We decided to go for 512k RAM. In order to address that much memory, the first thing we need to add are three more address lines. That’s where the CPLD comes in. In order to cut the 512k ram into smaller banks, so we can easier address them, the CPLD does not only provide the address lines A16 – A18, but also doubles the address lines A14-A15. Address lines A0-A15 from the CPU go to the CPLD to be decoded. RAM and ROM only see A0-A13 from the CPU and A14-A18 from the CPLD. This way we can split the 512k into 32 banks of 16k each. The 64k address space of the Steckschwein is now organized as four “slots” with 16k each. Four registers in the CPLD, which are mapped into the IO area contain the values for the extra address lines and are used as selectors for which bank is mapped into which slot. Bit 7 will select ROM instead of RAM, so that ROM banks are being handled just like another memory page. Also, this means a departure from our 8k ROM bank size. We might upgrade the 32k 28C256 EEPROM to a 512k Flash EEPROM in one of the next iterations, giving us 32 RAM and 32 ROM banks. Also, adding another address line is not a big deal, so upgrading to 1MB will be easy.

Slot	Start	End
0	$0000	$3fff
1	$4000	$7fff
2	$8000	$bfff
3	$c000	$ffff

The 4 Slots within the 64k address space

+--------+--------+--------+--------+
|Slot 0  |Slot 1  |Slot 2  |Slot3   |
+--------+--------+--------+--------+
|Bank 81*|        |        |        |
+--------+--------+--------+--------+
|Bank 80*|
+--------+--------+--------+--------+
|  ....  |Bank 81 |
+--------+--------+--------+--------+
|Bank 4  |  ...   |        |        |
+--------+--------+--------+--------+
|Bank 3  |Bank 3  |Bank 81*|        |
+--------+--------+--------+--------+
|Bank 1  |Bank 2  |Bank 80*|        |
+--------+--------+--------+--------+
|Bank 0  |Bank 1  |Bank 30 |Bank 81*| <- You are here!
+--------+--------+--------+--------+
|        |Bank 0  |Bank 29 |Bank 80*|
+--------+--------+--------+--------+
|        |        |Bank 28 |Bank 30 |
+--------+--------+--------+--------+
|        |        |Bank 27 |Bank 29 |
+--------+--------+--------+--------+
|        |        |Bank 26 |Bank 28 |
+--------+--------+--------+--------+
|        |        |Bank 25 |Bank 27 |
+--------+--------+--------+--------+
|        |        |  ....  |Bank 26 |
+--------+--------+--------+--------+
|        |        |Bank 0  |Bank 25 |
+--------+--------+--------+--------+
|        |        |        |  ....  |
+--------+--------+--------+--------+
|        |        |        |Bank 0  |
+--------+--------+--------+--------+


*=ROM

The above illustration shows how the Slot selection scheme works. It is also possible to map the same bank into all four slots.

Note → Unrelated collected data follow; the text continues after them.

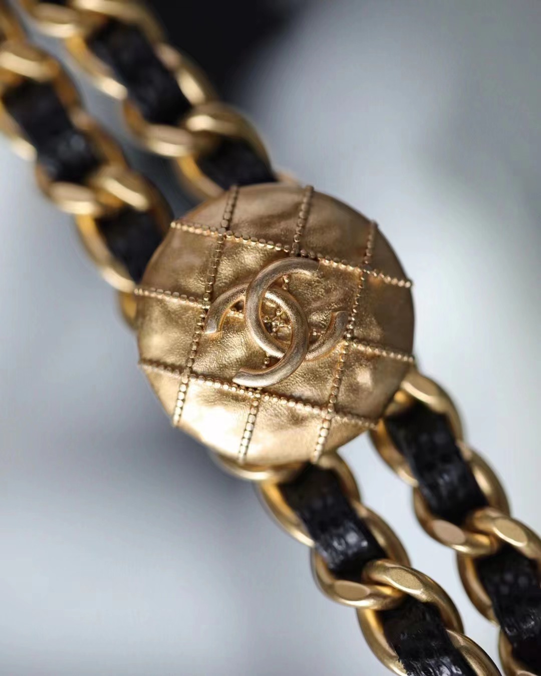 • CHANEL 22 gold coin chain mini bucket bag badge Calfskin & Gold-Tone Metal black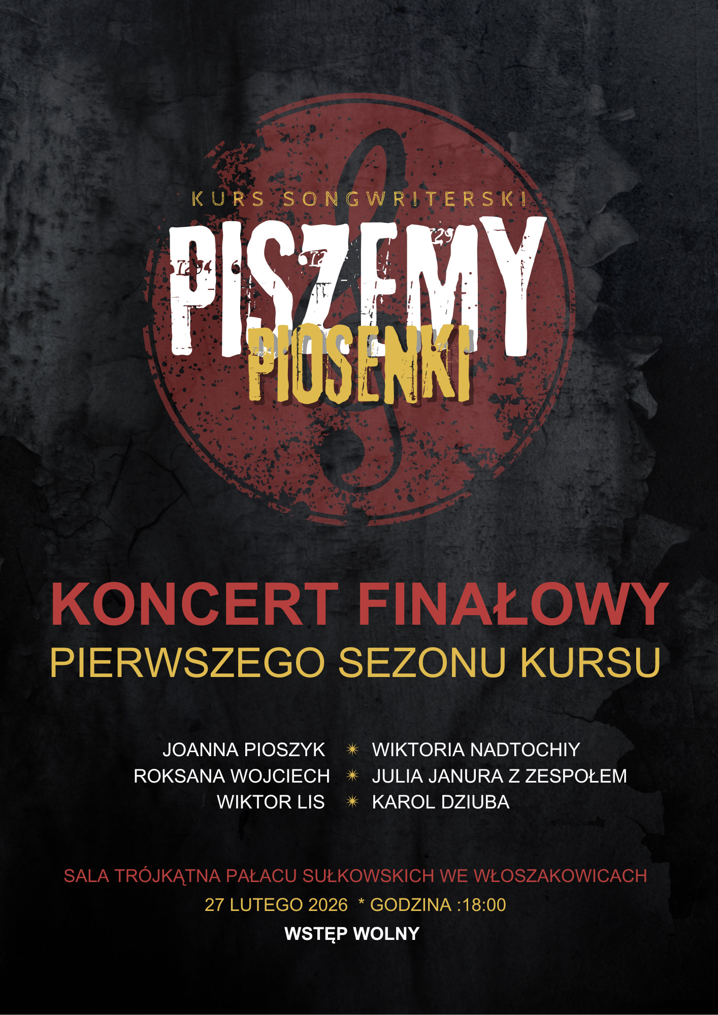 | Miejscowość: Włoszakowice Miejsce: Pałac Sułkowskich Data rozpoczęcia: 27.02.2026 18:00:00 Data zakończenia: 27.02.2026 19:30:00 Organizator: Gminny Ośrodek Kultury we Włoszakowicach Opis wydarzenia: Gminny Ośrodek Kultury we Włoszakowicach serdecznie zaprasza na unikatowy koncert! W piątek, 27 lutego, w Sali Trójkątnej Pałacu Sułkowskich we Włoszakowicach swoje piosenki wykona sześciu świeżo upieczonych tu tekściarzy. Będzie to finał warsztatów „Piszemy Piosenki”. Zaczynamy o 18:00. Tego wieczoru poznamy autorskie utwory, prawdziwe emocje oraz nowe muzyczne osobowości, które narodziły się właśnie we Włoszakowicach. Na scenie wystąpią uczestnicy unikatowych warsztatów organizowanych przez Gminny Ośrodek Kultury we Włoszakowicach, trwających od stycznia ubiegłego roku. Kursanci zaprezentują swoje najlepsze piosenki stworzone podczas zajęć. Wystąpią: Joanna Pioszyk Roksana Wojciech Wiktor Lis Wiktoria Nadtochiy Julia Janura z zespołem Karol Dziuba Zapraszamy na autentyczne muzyczne doświadczenie – osobiste historie opowiedziane dźwiękiem i słowem. Ten wieczór będzie jednak czymś więcej niż koncertem. Każdy z wykonawców może zgłosić jedną piosenkę do konkursu, którego stawką jest nagranie zwycięskiego utworu w profesjonalnym studiu oraz promocja medialna. Oceny dokona znakomite jury: - Aleksandra Zabłocka – wokalistka współpracująca m.in. z Andrzejem Krzywym, Robertem Rozmusem, Rudim Schubertem oraz Kabaretem pod Egidą - Marek Wąsowicz – Wójt Gminy Włoszakowice - Marcin Żyski – redaktor muzyczny Radia Poznań Występującym towarzyszyć będzie profesjonalny zespół muzyczny. Jeśli chcesz być świadkiem narodzin nowych piosenek, prawdziwych emocji i scenicznych osobowości — nie może Cię zabraknąć. 27 lutego Sala Trójkątna Pałacu Sułkowskich we Włoszakowicach Do zobaczenia! |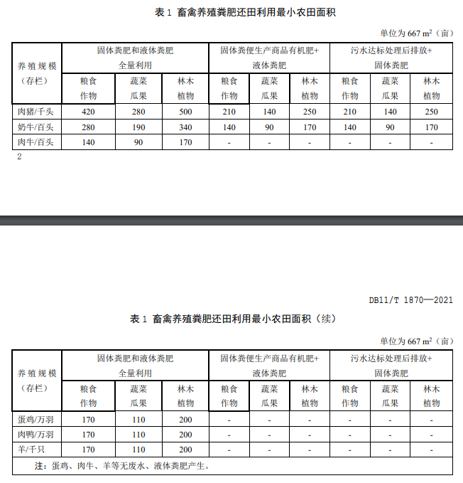 7.2 不同畜種及一定規(guī)模養(yǎng)殖場(chǎng)戶(hù)所需的糞肥還田利用最小農(nóng)田面積按照表 1 的規(guī)定執(zhí)行。

In order to be able to execute the RESET Vector the CPU requires ROM being present in Slot 3 at system start time. So the default bank assignment looks like this:

Slot	Bank
0	0
1	1
2	2
3	80

We do not need the ROMOFF mechanism anymore, so the loading of steckOS will follow a different procedure:

System bootup with bank $80 (ROM) in slot 3
Bootloader switches slot 2 to bank 3 (or whatever bank the OS shall be in)
Bootloader writes steckOS to slot 2 ($8000)
Bootloader switches slot 3 to bank 3
Bootloader jumps to steckOS init

This memory banking scheme is rather simple, but provides a lot of flexibility in order to use more than 64k of memory. Also, all kinds of memory (ROM, RAM) are being treated the same way, so it’s much cleaner than the ROMOFF approach. Being able to remap the area containing the zero page and stack will also help implementing some sort of task switching or even multitasking. On the downside, it’s flexible but pretty dumb as the software has to keep track of what has been put in which bank. We a really eager to explore this idea, so the VHDL code for the XC9572 CPLD has been written, the board has been designed and waiting to be delivered.